HSV
Gerücht um Bundesliga-Profi als Ersatz: Wie lange kann der HSV auf Vieira warten?
Kann sich der HSV auch nächste Saison Fábio Vieira leisten oder brauchen die Hamburger eine Alternative für das offensive Mittelfeld? Die Zeit wird langsam zum entscheidenden Faktor.
Viele Kaderfragen sind beim HSV mit Blick auf die kommende Saison noch offen. Das gilt sowohl für mögliche Abgänge als auch für potenzielle Zugänge. Vor allem in der Abwehr, im Mittelfeld und im Angriff suchen die Hamburger noch nach Verstärkungen. Die meisten Kandidaten sind bereits bekannt – Fábio Vieira gehört weiterhin dazu. In den kommenden Wochen dürfte jedoch zunehmend die Frage in den Fokus rücken, wie lange der HSV noch auf den Portugiesen warten kann.
Die Ausgangslage ist unverändert: Der HSV würde Vieira, der in der vergangenen Saison als Leihspieler vom FC Arsenal mit sieben Toren und fünf Vorlagen einen großen Anteil am Klassenerhalt hatte, gerne fest verpflichten. Auch der 26-jährige Offensivspieler kann sich einen Verbleib in Hamburg grundsätzlich gut vorstellen. Finanziell bleibt die Situation allerdings kompliziert.
Vieira-Transfer ist für den HSV weiter sehr riskant
Für 22 Millionen Euro hätten die Hamburger Vieira direkt nach der Saison per Kaufoption fest verpflichten können. Diese Summe war und ist für den HSV jedoch unrealistisch. Deutlich weniger als die Hälfte wäre für die Hamburger realistisch – und selbst das wäre bereits ein Risiko. Zur Ablösesumme kämen schließlich noch Gehalt und Beraterkosten hinzu. Gleichzeitig benötigt der HSV auch für weitere Transfers finanziellen Spielraum und kann nicht einen zu großen Teil des Budgets auf einen einzigen Spieler setzen.
Noch gibt es im Poker um Vieira keine Konkurrenz für den HSV
Es ist davon auszugehen, dass der Preis für Vieira in den nächsten Wochen noch sinken wird.
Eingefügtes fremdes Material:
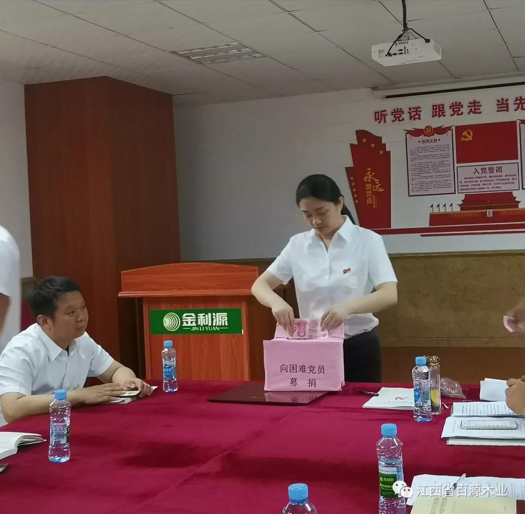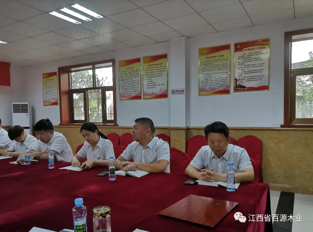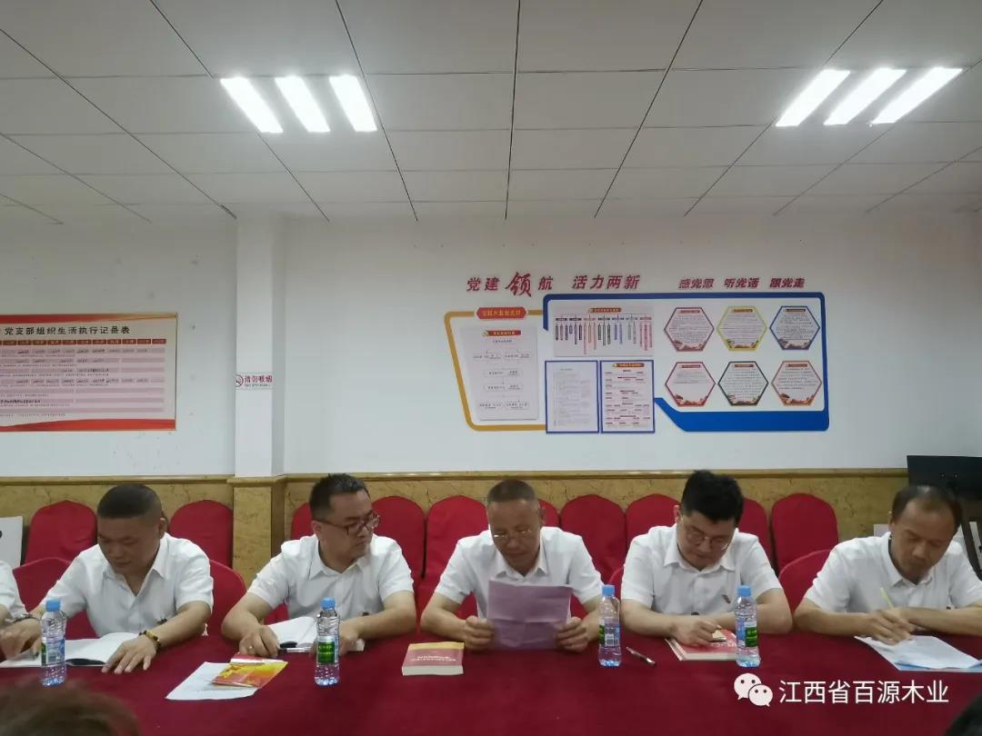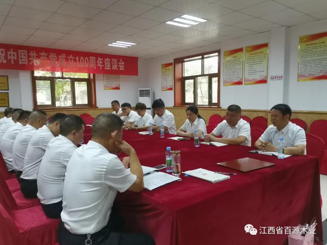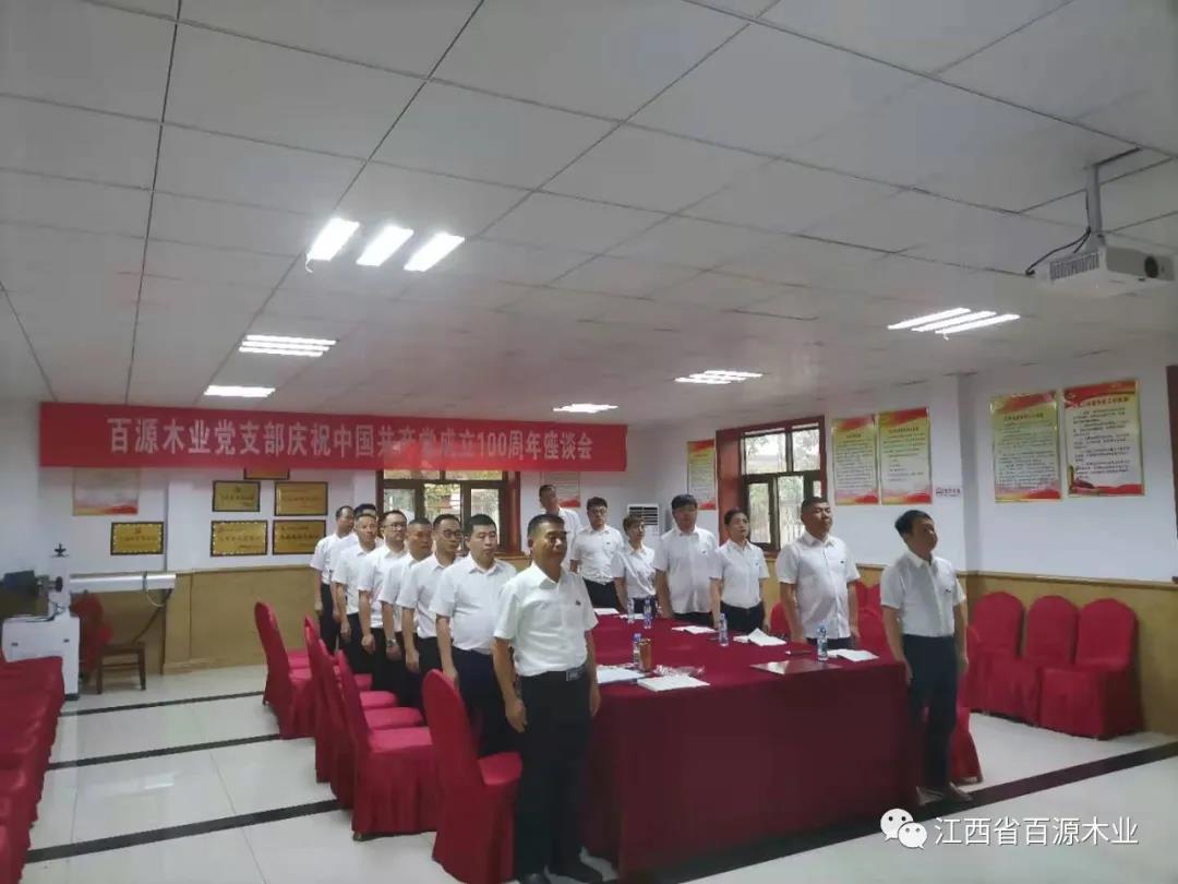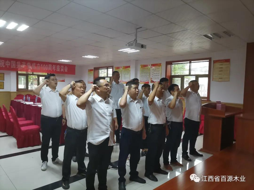 2021年7月1日,中共江西省百源木业有限公司党支部全体党员欢聚一堂,开展以“知党史、感党恩、跟党走”为主题的活动,坚定理想信念。

Obwohl der Portugiese seit knapp einem Monat auf dem Markt ist, soll es bislang von keinem zahlungskräftigen Verein ernsthaftes Interesse geben. Arsenal will ihn in diesem Sommer jedoch auf jeden Fall abgeben.
Da die Londoner erst Ende Juli voll in die Vorbereitung auf die neue Saison einsteigen, verspüren sie aktuell noch keinen Zeitdruck und setzen den Poker zunächst fort. Für den HSV ist das ein Problem: Zu lange können und wollen die Hamburger auf Vieira, der sich derzeit in Porto fit hält, nicht warten. Dabei geht es auch um mögliche Alternativen. Eine davon ist Hoffenheims Muhammed Damar. Der 22-jährige Offensivspieler gilt als äußerst spannender Profi mit viel Potenzial und wäre womöglich auch als Leihgabe zu haben. Der HSV soll allerdings nicht der einzige Interessent sein.